У Гёте элегические печаль и сожаление об ушедшем в прошлое замещается дерзким перелетом временных границ: мечта и пребывание сливаются, и царство красоты реально. Живя в Риме, Гёте пренебрегает Римом XVIII в. — он живет среди идеальной красоты жизни Рима древнего, среди ее отблесков и отражений. А это значит — и среди красоты греческой жизни, коль скоро Рим служил мостом в Аттику и означал Афины. Отсюда антихристианская настроенность Гёте, которой он дает выход в резком выпаде 66-й «Венецианской эпиграммы», чудом пропущенной берлинской цензурой[759]
.В «Римских элегиях» незримо присутствует дух лессинговской статьи «Как изображали древние Смерть» (1769), а статья эта заканчивалась словами: «Лишь ложно понятая религия может удалять нас от прекрасного, и доказательством истинной, верно понятой религии служит то, что она повсюду возвращает нас к красоте»[760]
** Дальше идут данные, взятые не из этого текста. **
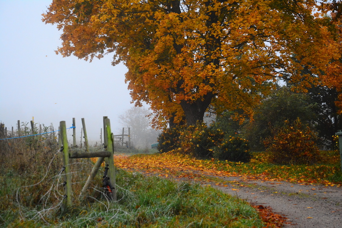 I woke up in the middle of the night because too much tea I guess π π and naturally I couldn’t fall asleep especially quickly leading to me sleeping unusually long and when I looked out the window I could see the ground was covered in unusually thick fog. The dogs and I rushed to go outside, took perhaps as most ten minutes and by that time almost all of it had vanished. I was a bit annoyed to be honest but then the sun shone and the leafs in the trees looked like they were burning, so I stopped being annoyed π π

. Не случайно современники Гёте не сговариваясь видели в нем «язычника»[761], — иной раз даже и «греческого бога»[762], — не случайно сам Гёте называл себя «язычником»[763]; такое гетевское «язычество» могло вызывать у его современников иронию, испуг, решительное осуждение, — во всяком случае оно есть знак существования на исторической грани, на водоразделе времен, трудном для своего освоения и человеком и поэтом.Второй момент — это пластичность гетевского видения, и, шире, восприятия мира. Для Гёте перелет в классическую древность не означал того романтического пренебрежения окружающей действительностью, которую поэт-романтик покидает как бы во сне. Гёте от этого далек — реальные контуры жизни для него нечто несокрушимое, зато не все мосты между прошлым и настоящим сожжены, но есть такая идеальность, которая не умирает, а всегда остается вместе с человечеством; золотой век — не просто в отдаленном прошлом, но он и неумирающая возможность, осуществляющаяся посреди самой реальности. На почве такой осуществляющейся возможности вырастает, на основаниях классического мировидения, новая жизнь и новая классическая поэзия. Живой символ идеальности — прекрасное человеческое тело, одновременно плоть и скульптурная пластика.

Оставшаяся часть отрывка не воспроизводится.